2-2-3.その他に生活の中で気付いたことを記入してもらう
アンケートの最後は居住者が普段の生活で感じていることを自由に記入してもらう欄を用意します。
「その他に管理組合へご意見やご要望などありましたら下記の欄に記入してください。」など明記して、居住者に自由に記入してもらいます。
基本的に居住者アンケートは不具合の発生状況を把握するためのものなので、各住戸と共用部分の部位ごとに質問事項を用意する必要があります。
2-3.居住者(住民)アンケートの作成例
ここまで居住者アンケートを作成するポイントを説明してきましたが、最後に実際の居住者アンケートの作成例をご紹介します。
あくまでも参考例なので、マンションごとに必要なポイントをコンサルタント会社と調整しながら作成していきましょう。
住居者アンケートテンプレートダウンロード
修繕委員会・管理会社ご担当者向け
大規模修繕時に必要となる住居者アンケートを一から準備をするのが大変なので便利なWordファイルテンプレートを作成しました。
3.まとめ
マンション大規模修繕にあたって実施する居住者アンケートをご紹介しました。
居住者アンケートは、建物診断では判明できないような劣化や不具合を把握する目的で実施されます。
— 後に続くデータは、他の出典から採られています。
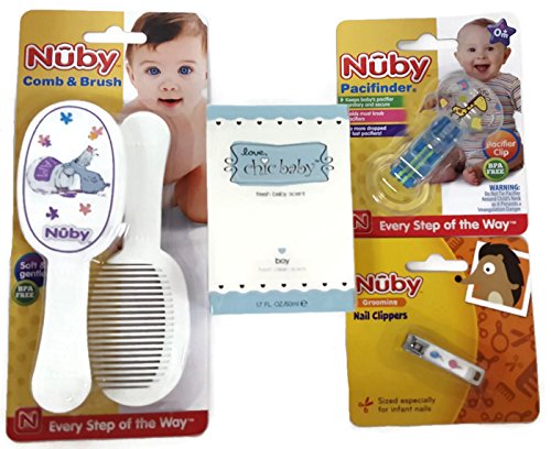 -. Feature : Bundle of 4 Items - GIFT SET FOR BOYS - unboxed / 1. Love Chic Baby Boy Fresh Scent, 1.7 oz. / 2. Nuby Brush and Comb Set - soft and gentle, BPA free - image on brush may vary (mouse, alligator) / 3. Nuby Pacifinder Pacifier Clip - BPA free - holds most knob pacifiers - color may vary (blue, aqua, green) / 4. Baby grooming nail clippers - sized especially for infant nails

マンション居住者が感じている住戸内や共用部分の不具合を把握するために行われ、建物診断を依頼する専門家が発見できないような不具合を把握するための有益な情報源になります。
今回は居住者アンケートを作成するポイントをご紹介しましたが、一番のポイントは「簡単な選択方式で具体的に分かるような質問で作成する」ということです。合わせて作成例をご紹介しましたが、あくまで参考なのでコンサルタント会社とともに一緒に作成を進めていきましょう。